MicroRNAs - Biology and clinical applications

Kannan Ranganathan 1,, Vaishnavi Sivasankar 1
PMCID: PMC4196292  PMID: 25328304

Abstract

MicroRNAs are a highly conserved group of small, non-coding RNA molecules, which are 19-25 nucleotides in size. Previously thought to be evolutionary debris with no evident function, these small RNAs have been found to control gene expression primarily by silencing the gene. MicroRNAs are critical to cell physiology and development. They are also implicated in pathological processes such as autoimmune diseases, viral infections and carcinogenesis.

Keywords: Gene silencing, MicroRNAs, non-coding RNAs

INTRODUCTION

Molecular biology's central dogma explains life using 3 macromolecules: Deoxyribonucleic acid (DNA)-the genetic material of almost all living organisms, -which is transcribed to Ribonucleic acid (RNA), which transmits genetic information from DNA to the cytoplasm to be translated to amino acids and forms protein which is a sequence of amino acids that forms the structural and functional basis of every cell.[1]

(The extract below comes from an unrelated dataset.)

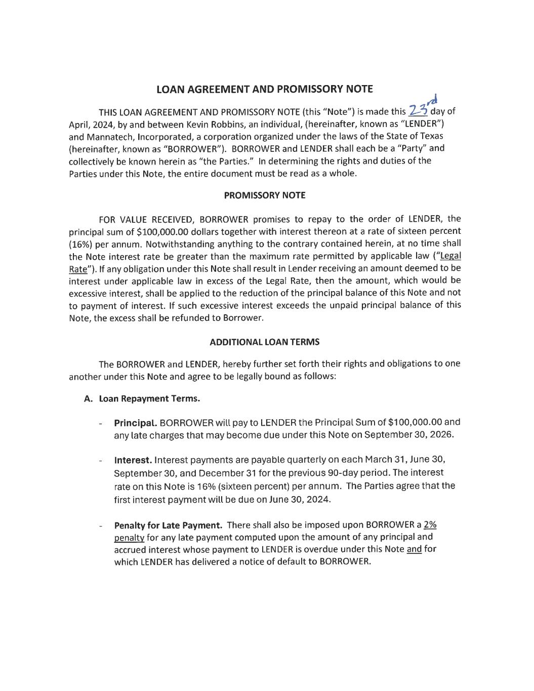 EX-10.19 4 robbinsloanagreementandp.htm EX-10.19 robbinsloanagreementandp

For decades, RNA was thought to play a very minor role in gene expression by converting genetic information from DNA into functional proteins upon receiving an appropriate signal. In the late 1960s, a subset of RNAs was found to control gene expression by stating which genes should turn on and which should turn off.[2] These non-coding RNAs, rightly named because they do not code for a protein, are of distinct classes distinguished based on their function and origin. These include microRNA (miRNA), small temporal RNA (stRNA), short interfering RNA (siRNA), short hairpin RNA (shRNA), small nuclear RNAs (snRNA), small nucleolar RNAs (snoRNA), transfer RNAs (tRNA) and ribosomal RNAs (rRNA).[3]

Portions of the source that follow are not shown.